(Entries taken from a collection)
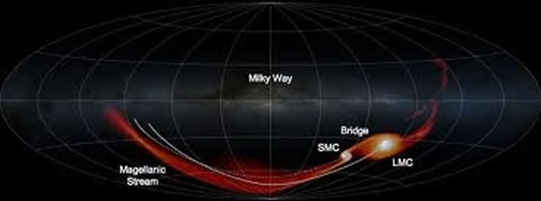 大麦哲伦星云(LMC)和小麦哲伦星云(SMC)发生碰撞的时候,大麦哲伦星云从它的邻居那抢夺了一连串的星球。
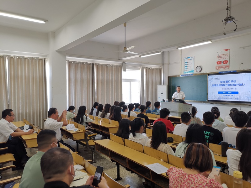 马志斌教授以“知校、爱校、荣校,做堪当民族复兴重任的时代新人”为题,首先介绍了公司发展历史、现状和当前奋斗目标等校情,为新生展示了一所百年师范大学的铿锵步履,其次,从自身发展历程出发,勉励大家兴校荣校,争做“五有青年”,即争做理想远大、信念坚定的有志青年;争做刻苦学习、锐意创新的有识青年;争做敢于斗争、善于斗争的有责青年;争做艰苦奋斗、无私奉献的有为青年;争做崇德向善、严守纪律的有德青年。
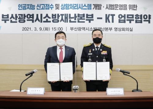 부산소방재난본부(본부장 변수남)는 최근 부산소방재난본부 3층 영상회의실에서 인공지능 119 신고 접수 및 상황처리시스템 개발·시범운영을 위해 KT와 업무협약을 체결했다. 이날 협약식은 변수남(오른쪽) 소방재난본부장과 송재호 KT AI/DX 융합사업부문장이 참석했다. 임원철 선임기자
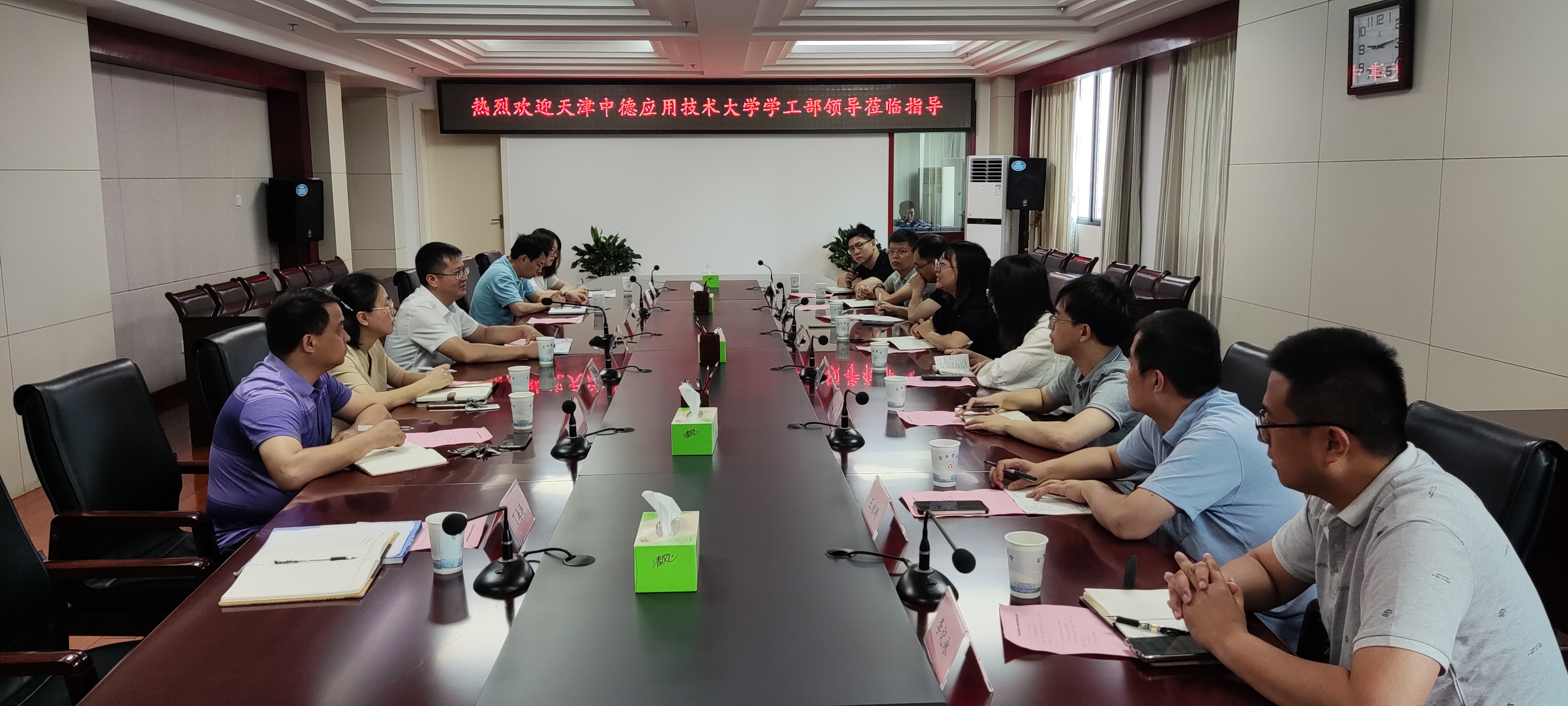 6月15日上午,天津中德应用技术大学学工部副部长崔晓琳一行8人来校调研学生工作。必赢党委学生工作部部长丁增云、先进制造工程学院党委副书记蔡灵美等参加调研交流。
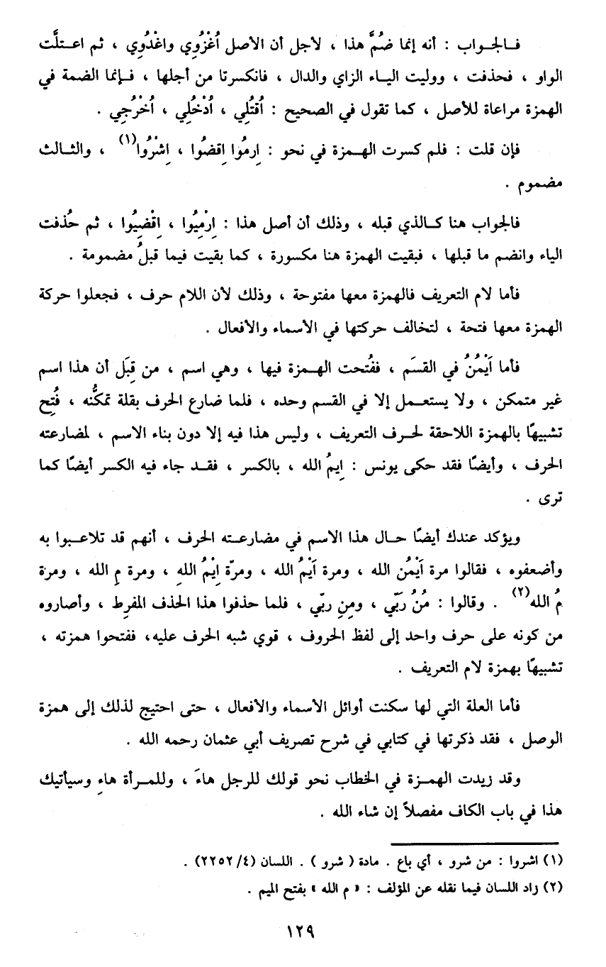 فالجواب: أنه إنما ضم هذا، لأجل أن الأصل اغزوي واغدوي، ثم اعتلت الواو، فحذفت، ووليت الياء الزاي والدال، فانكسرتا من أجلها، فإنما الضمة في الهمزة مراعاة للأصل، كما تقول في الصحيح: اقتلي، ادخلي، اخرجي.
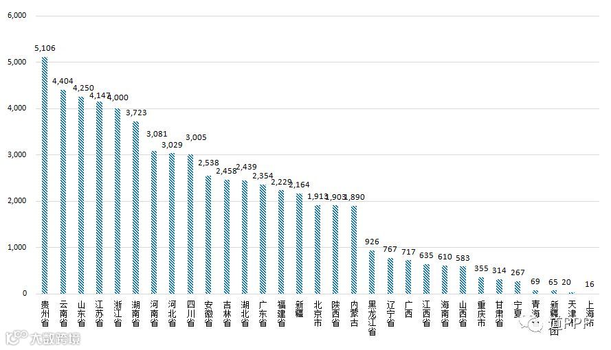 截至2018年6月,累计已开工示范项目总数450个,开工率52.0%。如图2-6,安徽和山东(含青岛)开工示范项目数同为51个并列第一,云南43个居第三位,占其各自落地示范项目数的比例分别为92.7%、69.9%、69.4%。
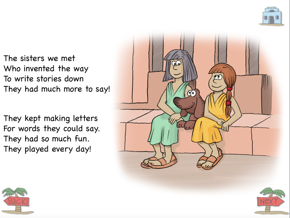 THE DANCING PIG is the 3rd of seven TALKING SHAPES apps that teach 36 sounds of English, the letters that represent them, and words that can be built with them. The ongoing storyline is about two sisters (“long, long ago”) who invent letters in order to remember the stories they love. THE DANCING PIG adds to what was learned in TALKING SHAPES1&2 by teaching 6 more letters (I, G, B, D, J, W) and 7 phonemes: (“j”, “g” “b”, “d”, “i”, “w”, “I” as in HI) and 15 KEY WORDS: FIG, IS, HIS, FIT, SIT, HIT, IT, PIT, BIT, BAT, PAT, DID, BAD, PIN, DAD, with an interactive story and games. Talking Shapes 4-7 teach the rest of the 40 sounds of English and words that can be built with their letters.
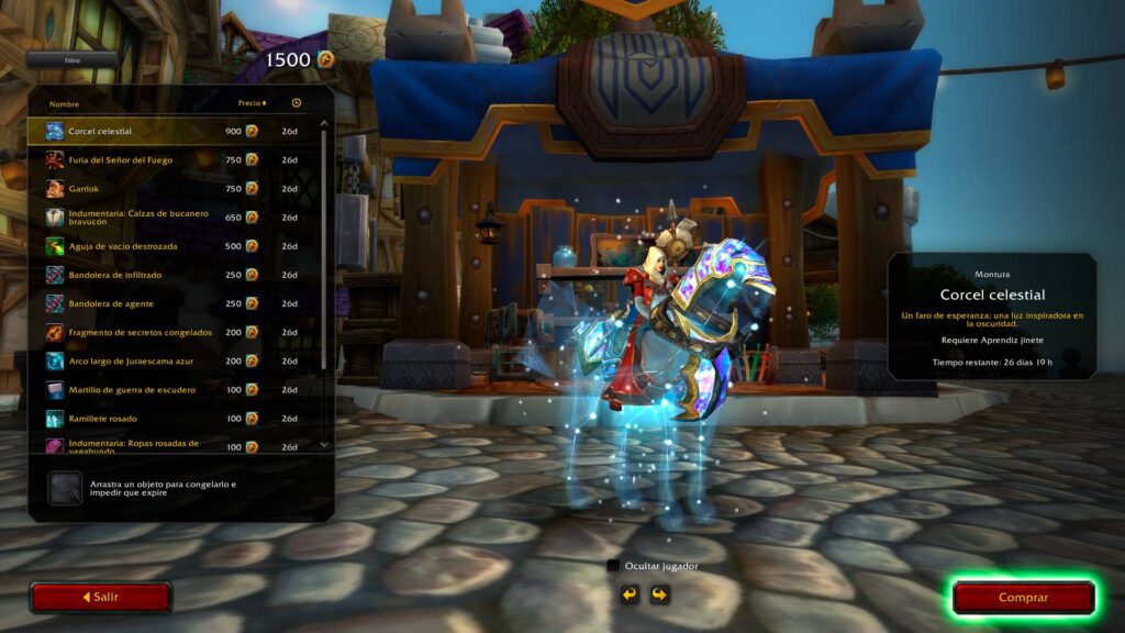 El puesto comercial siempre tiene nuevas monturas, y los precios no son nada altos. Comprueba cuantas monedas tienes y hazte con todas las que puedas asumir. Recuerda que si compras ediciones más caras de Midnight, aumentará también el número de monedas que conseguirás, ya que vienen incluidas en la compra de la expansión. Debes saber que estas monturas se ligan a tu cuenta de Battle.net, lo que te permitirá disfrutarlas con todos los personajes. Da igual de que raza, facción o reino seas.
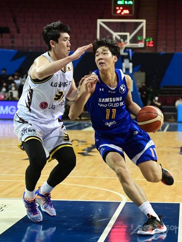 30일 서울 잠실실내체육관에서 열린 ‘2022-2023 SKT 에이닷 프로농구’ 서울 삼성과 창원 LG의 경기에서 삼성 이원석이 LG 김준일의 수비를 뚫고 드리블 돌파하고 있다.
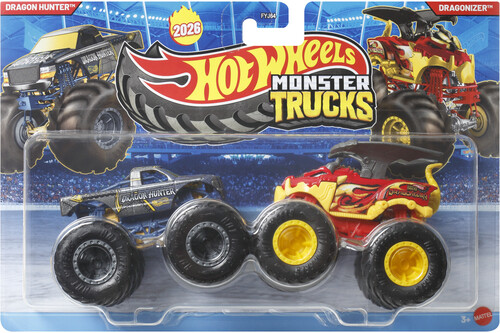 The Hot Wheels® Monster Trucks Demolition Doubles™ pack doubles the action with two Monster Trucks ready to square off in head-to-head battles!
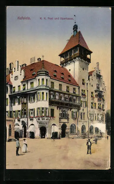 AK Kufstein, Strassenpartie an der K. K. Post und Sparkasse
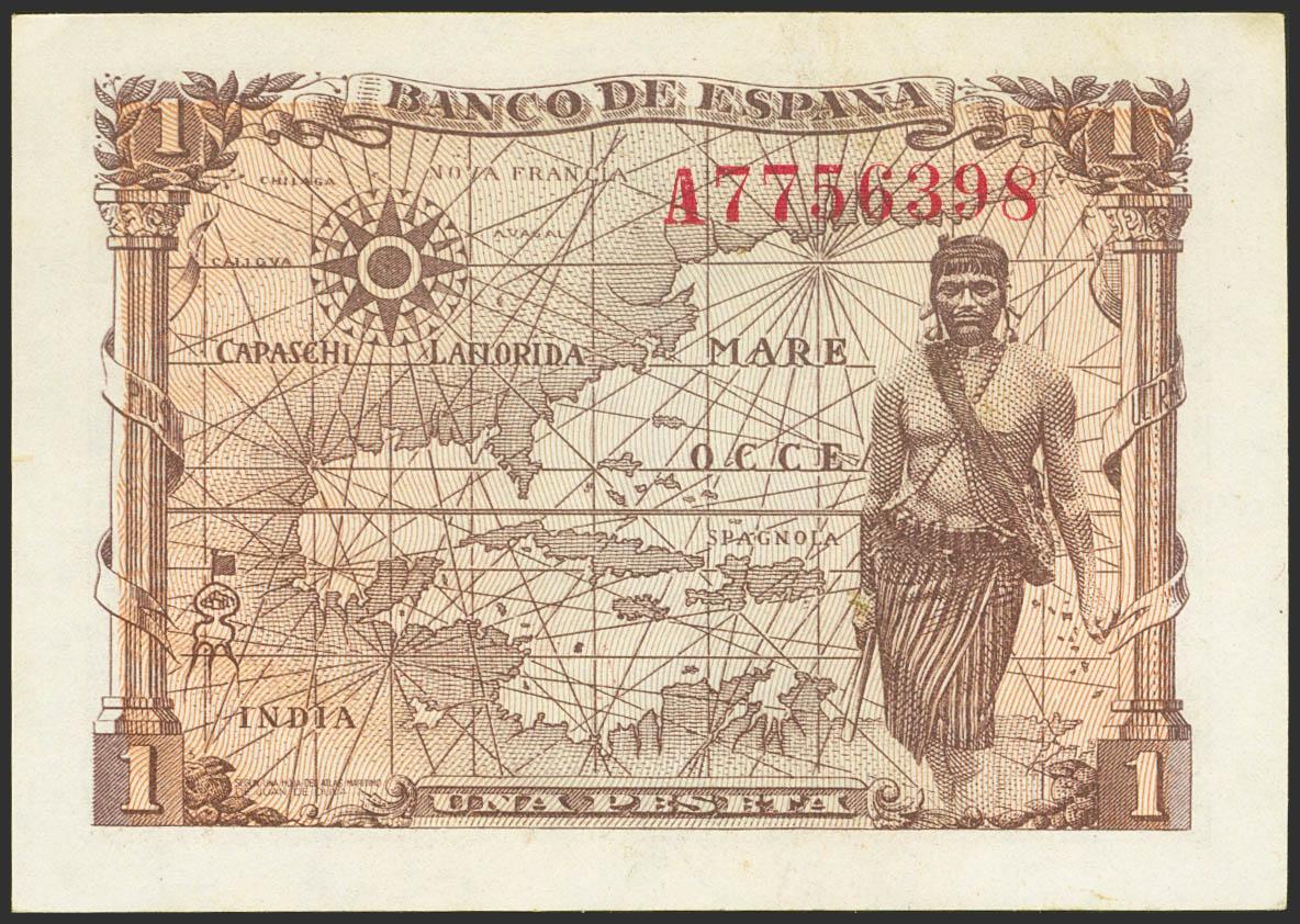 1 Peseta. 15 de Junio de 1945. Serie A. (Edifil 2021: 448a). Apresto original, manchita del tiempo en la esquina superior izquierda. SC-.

• WHAT YOU WILL DO
What belongs in the answer is each line above from the line with "فالجواب: أنه إنما" to the line with "THE DANCING PIG is", inclusive, reproduced exactly and free of pictures.

• FINISHED TASK
 فالجواب: أنه إنما ضم هذا، لأجل أن الأصل اغزوي واغدوي، ثم اعتلت الواو، فحذفت، ووليت الياء الزاي والدال، فانكسرتا من أجلها، فإنما الضمة في الهمزة مراعاة للأصل، كما تقول في الصحيح: اقتلي، ادخلي، اخرجي.
 截至2018年6月,累计已开工示范项目总数450个,开工率52.0%。如图2-6,安徽和山东(含青岛)开工示范项目数同为51个并列第一,云南43个居第三位,占其各自落地示范项目数的比例分别为92.7%、69.9%、69.4%。
 THE DANCING PIG is the 3rd of seven TALKING SHAPES apps that teach 36 sounds of English, the letters that represent them, and words that can be built with them. The ongoing storyline is about two sisters (“long, long ago”) who invent letters in order to remember the stories they love. THE DANCING PIG adds to what was learned in TALKING SHAPES1&2 by teaching 6 more letters (I, G, B, D, J, W) and 7 phonemes: (“j”, “g” “b”, “d”, “i”, “w”, “I” as in HI) and 15 KEY WORDS: FIG, IS, HIS, FIT, SIT, HIT, IT, PIT, BIT, BAT, PAT, DID, BAD, PIN, DAD, with an interactive story and games. Talking Shapes 4-7 teach the rest of the 40 sounds of English and words that can be built with their letters.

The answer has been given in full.